Заодно меня спросили вы, как я отношусь к антиутопии Хаксли. Видите ли, Борис Натанович Стругацкий полагал, что единственная более или менее сбывшаяся антиутопия Стругацких — это «Хищные вещи века». И он даже задумывался: а можно ли ее в полном смысле назвать антиутопией? Действительно, у человечества, помните, как говаривал Банев, было не так уж много возможностей выпивать и закусывать quantum satis. Это не худшее занятие для человека и не худшее для него состояние, ну, если мерить от нуля, от минуса, от блокады, условно говоря. Но мне представляется, что и «Хищные вещи», и «О дивный новый мир» Хаксли — они создали антиутопию потребления, а это не главная опасность и не главное наслаждение для человека XX века.

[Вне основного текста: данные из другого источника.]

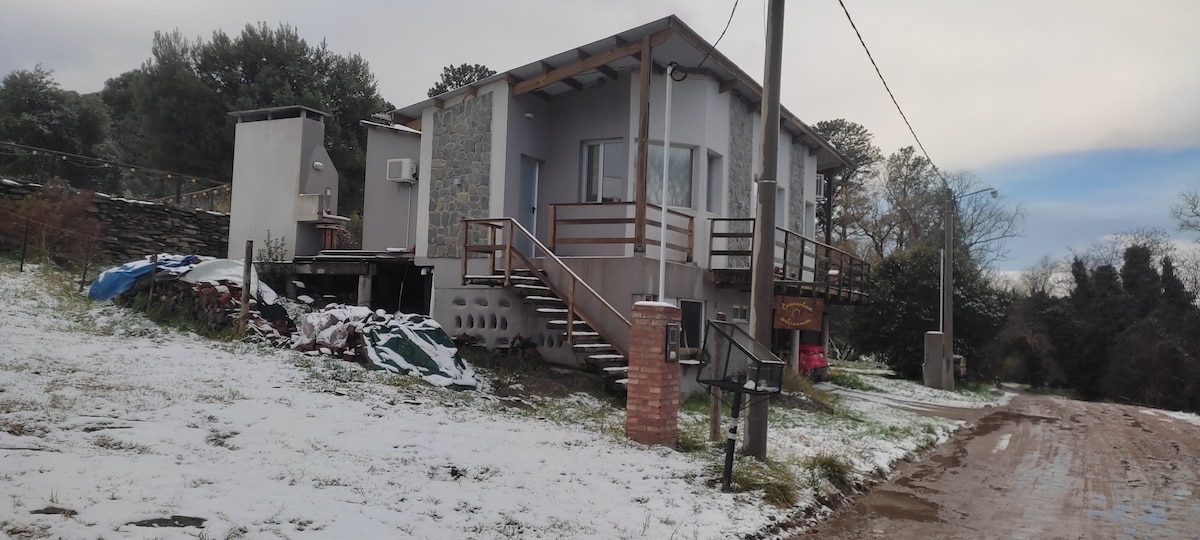 Cabaña de troncos, rústica, cálida, con todas las comodidades. Rodeada de bosque en el corazón de las sierras. Ideal para disfrutar de este lugar mágico las cuatro estaciones del año.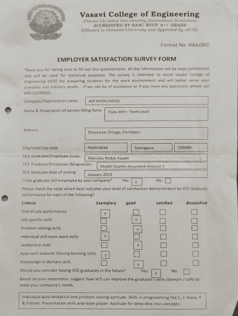 COLVasavi College of Engineering (Private Unaided Nonminority Autonomous Institution) ACCREDITED BY NAACP WITH A++\' GRADEAfiliated to Os mania University and Approved by AICTEFormat No. NBA/001EMPLOYER

Понимаете, вот что странно? Ведь антиутопия Хаксли, вот этот «О дивный новый мир», где ощущалки, где детский секс, начиная с детского сада, где избыток наслаждения и полное отсутствие смысла — ну, это отчасти пересекается с более поздней антиутопией Брэдбери, где, правда, еще у всего этого потребления есть такой деструктивный, антипросвещенский оттенок — сожжение книг; пожарные не гасят, а поджигают. Но мне кажется, что все-таки самая страшная антиутопия XX века — это не утопия потребления, это утопия фашизма. А фашизм — это такая высшая и последняя стадия потребления. Death Eaters, выражение Джоан Роулинг, по аналогии с Beefeaters, пожирателями говядины. Пожиратели смерти — это мощный и удачный перевод. Это не те, кто уничтожает смерть, а это те, кто упивается смертью. Ну, как в переводе альтернативном — смертоупиванцы.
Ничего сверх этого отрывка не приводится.